So I have a webserver running nginx, and I want to use it as a reverse proxy to access web applications running elsewhere. I know this is a pretty standard use case, and that the traditional approach is to use virtual hosts to proxy the different apps.
Like, normally you would do something like:
- https://app1.webserver.something => app1.host:3000
- https://app2.webserver.something => app2.host:1234
- https://app3.webserver.something => app3.host:8080
I am familiar with this approach, and know how to set it up.
In this case, there is a catch though. For reasons that I can’t get into here, I can’t use virtual hosts, and everything should be hosted in the same webserver.something
domain.

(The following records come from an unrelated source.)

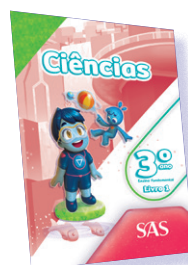
CIÊNCIAS 3 LIVROS PRINCIPAIS
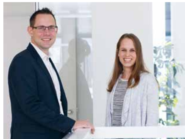
6 | Iniziativa HR: promozione della comprensione reciproca
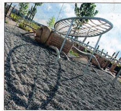
Hebt gleich ab: Libelle.
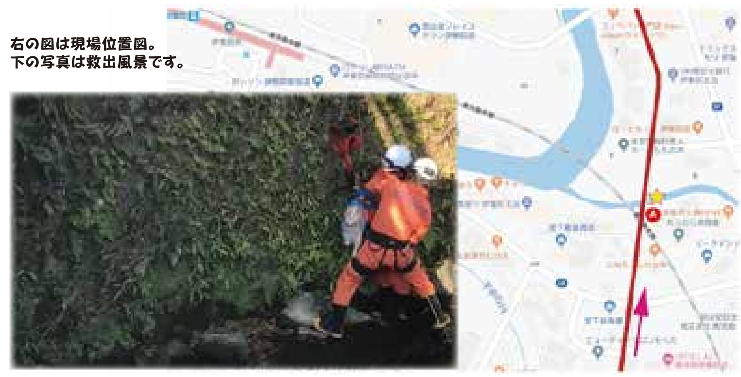
右の図は現場位置図。下の写真は救出風景です。

図は赤い線が作業区間の一部。A地点が作業車のセット場所。★マークが犬の発見場所。
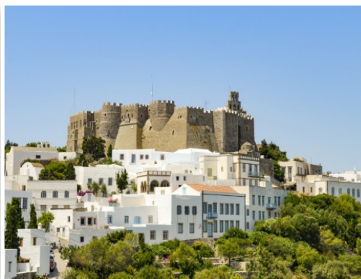
Πάτμος - Χώρα
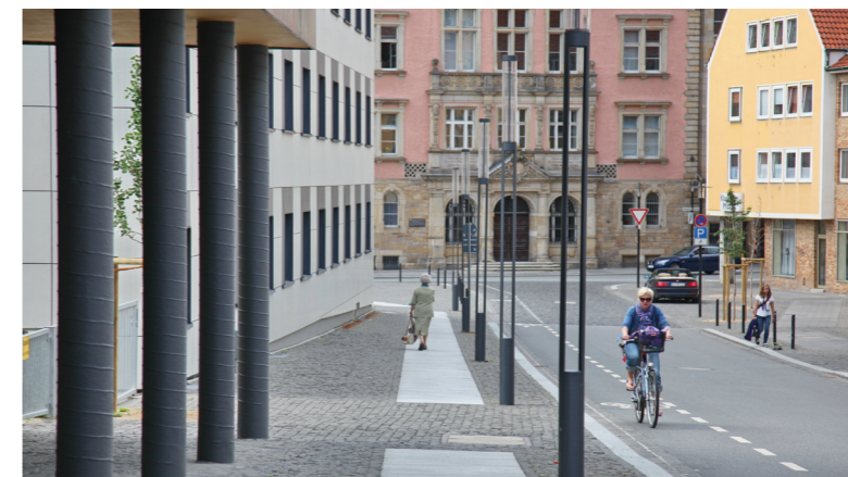
Neu gestaltete Kreuzstraße mit genügend Raum für alle Verkehrsteilnehmenden
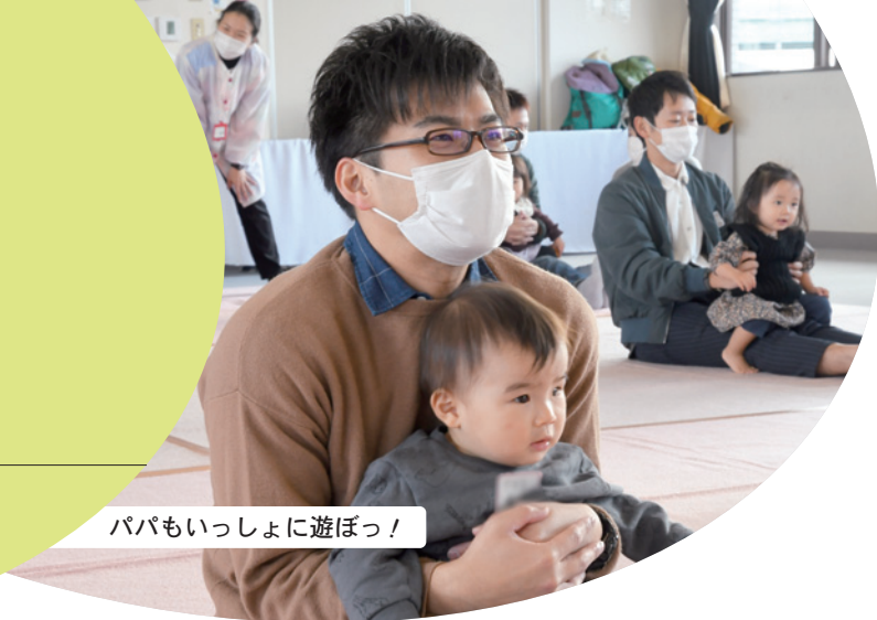
パパもいっしょに遊ぼう！

中央 ☎(85)7026 丹陽 ☎(28)9146 千秋 ☎(28)9771 東五城 ☎(85)9339 黒田北 ☎(28)9769 里小牧 ☎(28)9770
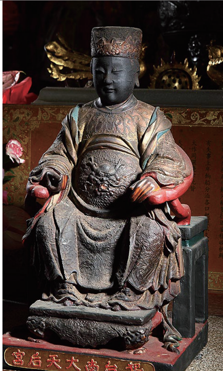
▲臺南大天后宮木雕媽祖神像。

媽祖，是臺灣民間信仰中主要的神祇之一，源起於中國大陸宋朝時期。媽祖也被稱為天妃、天后
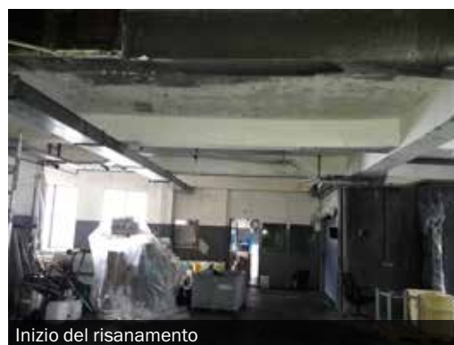
Inizio del risanamento

Il personale addetto al risanamento si è messo subito al lavoro per conservare cassette, attrezzi, macchinari, ecc. Così facendo è stato possibile evitare che la corrosione si propagasse ulteriormente. Il giorno successivo sono iniziati i veri e propri lavori di risanamento. Gli interventi hanno riguardato ogni elemento, le pareti e il soffitto sono stati puliti con un detergente speciale. Contemporaneamente tutti gli strumenti sono stati risanati e resi nuovamente utilizzabili.

So I thought I would use a subpath to host each app.
What I want to do is this basically:
- https://webserver.something/app1 => app1.host:3000
- https://webserver.something/app2 => app2.host:1234
- https://webserver.something/app3 => app3.host:8080
In my nginx config file I have something like this:
upstream app1 {
server app1.host:3000;
}
server {
...
location /app1 {
proxy_pass http://app1/;
}
...
}
This works to the extent that all requests going to /app1/*
get forwarded to the correct application host. The issue though is that the application itself uses absolute paths to reference some resources. For example, app1 will try to reference a resource like /_app/something/something.js
, which of course produces a 404 error.
I suppose that for this particular error I could map /_app/
to the app1 application host with another location statement, but that seems dirty to me and I don’t like it. First off it could quickly become a game of whack-a-mole, trying to get all the absolute paths remapped, and secondly it could easily lead to conflicts if other applications use that absolute path too.
So I guess my question is: is there a way to do this cleanly, and dynamically rewrite those absolute paths per app?
I tried something like this with Traefik just recently using add prefix and strip prefix rules. It had limited success until until I encountered an application that doesn’t have everything behind a sub path, Like /lovelace (home assistant)or something like that. If the application just basis it off the host with a root path, than you can’t really apply the prefix rule as the reverse proxy will not know how to route the request as the application is asking for a path that is not already a sub. You may come into this situation more often with several applications. I ended up just switching back to virtual hosts myself.